- Born: 1908 Blackburn, Lancashire, England
- Died: 1991 (aged 82–83) Worthing, West Sussex, England
- Occupations: Journalist, Poet, Information Officer, Scriptwriter, Editor, Novelist
- Writing career
- Language: English
- Period: 1941–1980
- Genre: Fiction
- Notable work: Captain Cobwebb

= Gordon Boshell =

British writer (1908–1991)

Gordon Boshell (1908–1991) was born in Blackburn, Lancashire and was a journalist and writer. He wrote for the Daily Mail and also worked as a scriptwriter and a feature editor for the BBC.

In 1951 Boshell left Fleet Street to join The World Health Organization as an information officer.

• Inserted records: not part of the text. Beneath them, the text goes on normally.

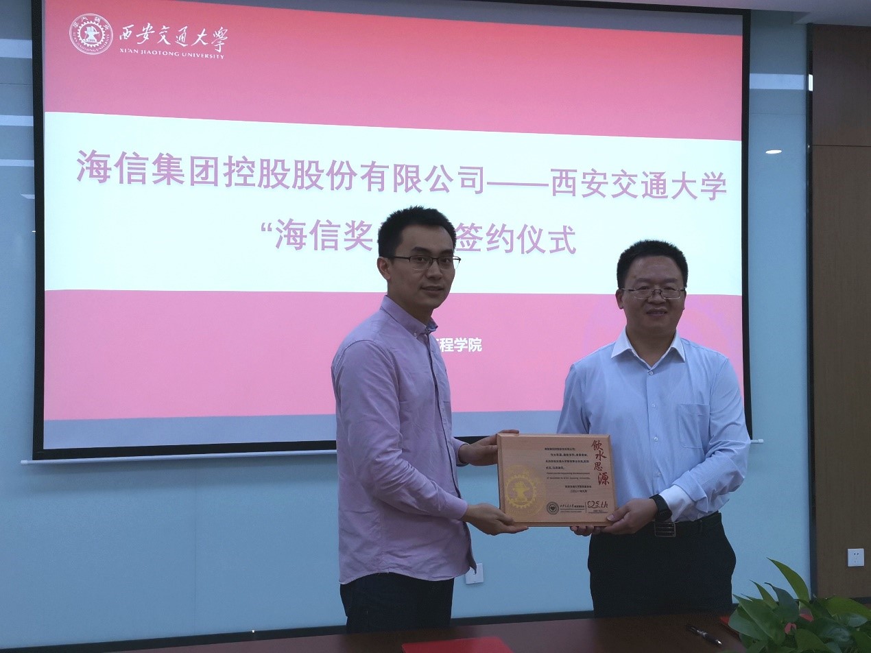 与海信集团控股股份有限公司在创新港一号巨构举行“海信奖学金”签约、授牌仪式。青岛海信日立空调系统有限公司副总裁、海信家电研发中心副总经理张文强,人力资源部总经理李琳华,教育基金会副秘书长方华靖、91国产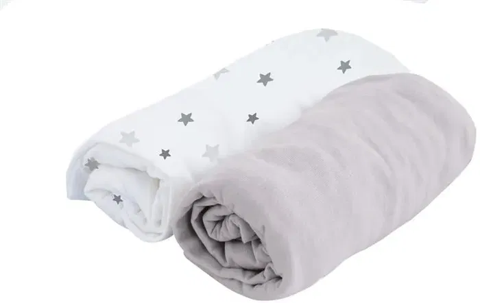 Découvrez ce lot de 2 draps housse en jersey pour enfant. Coloris perle et imprimé étoile. Dimensions 70x140 cm. Marque DOMIVA.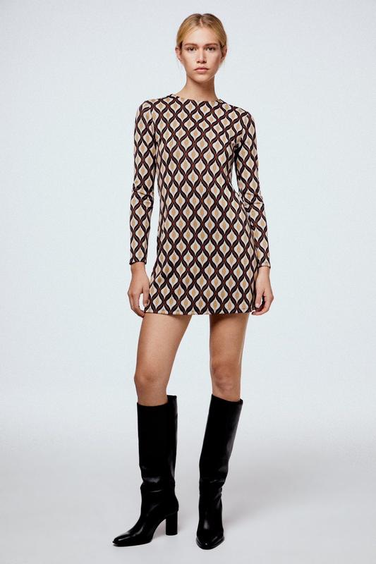 Красивое платье мини эластичное принт с 8-10 Длина 81 Плечи 38 Рукав 57 Полуобхват груди 41 плюс тянется Талии 39 плюс Стегон 42 плюс Низ 52 Состав 53 полигамия,41 полиэстер,6 эластан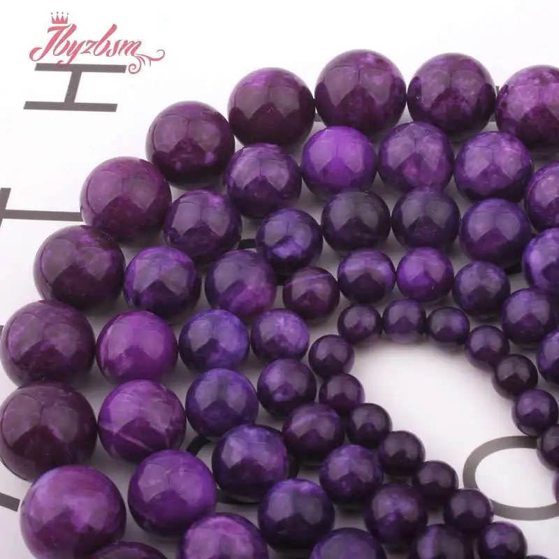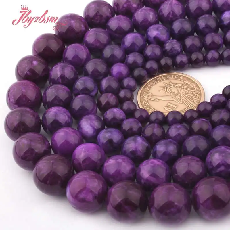 6,8,10,12,14 мм Гладкие Круглые Бусины Charoite Jades для женщин ожерелье браслет серьги Сделай Сам ювелирные изделия свободные нити 15"

During this time he worked in South East Asia and the Western Pacific, as well as in the organisation's headquarters in Geneva. Boshell returned to Britain in 1967 after which he and his wife lived in Wells, Somerset.

Boshell's first published book was "My Pen My Sword" a collection of poetry originally published in the Daily Mail. The book was subtitled "Bee of the Daily Mail" which may have been Boshell's alias. Boshell then published two adult novels ("John Brown's Body", "Dog's Life"). His early works were influenced by the Second World War. For example, his poem "The Aeroplane" was written after watching the Battle of Britain dogfights from the streets of London.

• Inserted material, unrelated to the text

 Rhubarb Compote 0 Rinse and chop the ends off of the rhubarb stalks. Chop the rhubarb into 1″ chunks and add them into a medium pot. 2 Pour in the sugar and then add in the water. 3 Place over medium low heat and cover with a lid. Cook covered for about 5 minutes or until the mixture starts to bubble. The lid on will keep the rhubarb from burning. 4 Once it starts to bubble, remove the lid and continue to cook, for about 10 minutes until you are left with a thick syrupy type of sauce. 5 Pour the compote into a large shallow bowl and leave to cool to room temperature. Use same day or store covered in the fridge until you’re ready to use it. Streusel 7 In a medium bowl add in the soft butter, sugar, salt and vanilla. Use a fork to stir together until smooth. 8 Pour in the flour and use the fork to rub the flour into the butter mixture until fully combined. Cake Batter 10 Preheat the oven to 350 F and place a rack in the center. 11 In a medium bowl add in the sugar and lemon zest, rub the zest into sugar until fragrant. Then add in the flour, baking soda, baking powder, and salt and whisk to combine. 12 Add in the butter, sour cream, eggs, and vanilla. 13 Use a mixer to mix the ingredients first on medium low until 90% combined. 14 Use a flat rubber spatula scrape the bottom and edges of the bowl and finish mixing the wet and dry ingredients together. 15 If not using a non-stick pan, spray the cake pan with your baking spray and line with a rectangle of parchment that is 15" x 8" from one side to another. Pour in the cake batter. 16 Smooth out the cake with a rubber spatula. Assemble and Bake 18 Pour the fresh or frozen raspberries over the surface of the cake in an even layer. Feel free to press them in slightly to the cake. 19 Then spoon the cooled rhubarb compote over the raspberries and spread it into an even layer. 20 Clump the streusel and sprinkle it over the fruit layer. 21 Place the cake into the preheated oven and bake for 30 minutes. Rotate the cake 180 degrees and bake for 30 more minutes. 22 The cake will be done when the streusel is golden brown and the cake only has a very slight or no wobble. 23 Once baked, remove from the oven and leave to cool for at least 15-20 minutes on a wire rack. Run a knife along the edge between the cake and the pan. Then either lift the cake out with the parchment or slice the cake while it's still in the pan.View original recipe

On returning to the UK Boshell began writing children's books, beginning with the "Captain Cobwebb" series for which he is best known. He also wrote a trilogy of books known as "The Secret Guardians" series.

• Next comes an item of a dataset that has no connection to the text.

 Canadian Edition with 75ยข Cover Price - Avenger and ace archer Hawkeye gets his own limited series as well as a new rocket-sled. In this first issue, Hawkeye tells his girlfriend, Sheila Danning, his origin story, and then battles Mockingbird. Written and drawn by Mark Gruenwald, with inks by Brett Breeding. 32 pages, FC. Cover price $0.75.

Boshell co-created the "Garth" comic strip with Steve Dowling.

==The Captain Cobwebb Series ==

The front cover art of the Armada Books paperback reprint of Captain Cobwebb and the Red Transistor illustrated by Graham Thompson

The "Captain Cobwebb" books are a series of 11 children's novels written by Gordon Boshell between 1967-1980. The main characters in the book are David & Toby Green, two brothers who live in Dingle Down village, and their Uncle Septimus Cobwebb, "Captain Cobwebb".

As a young man, Uncle Septimus decided to spend all night sitting in a fairy ring. As a result, he went off to live with the fairies, becoming invisible. The books usually begin with the boys getting bored, e.g. during a rainy day, or lying ill in bed, and then calling on their Uncle to send them on an adventure, usually in a far-off magical land.

In the first book both the boys and their parents contact Uncle Septimus. The boys' father tells them the story of his brother going off to live with the fairies and how to contact him. By writing a letter to their uncle, burning it to ash and then letting the ashes blow into the wind, they are able to send him a message. The adventure begins immediately. After their first adventure ("Captain Cobwebb") Uncle Septimus rewards the boys with a magical blue spot on their hand which they can touch to request an adventure.

The boys' adventures take them to various magical lands and so the books have a number of different themes e.g. Pirates, Cowboys & Indians. As well as a range of heroic characters, and talking animals, the stories typically include a range of more unusual characters, creatures and situations.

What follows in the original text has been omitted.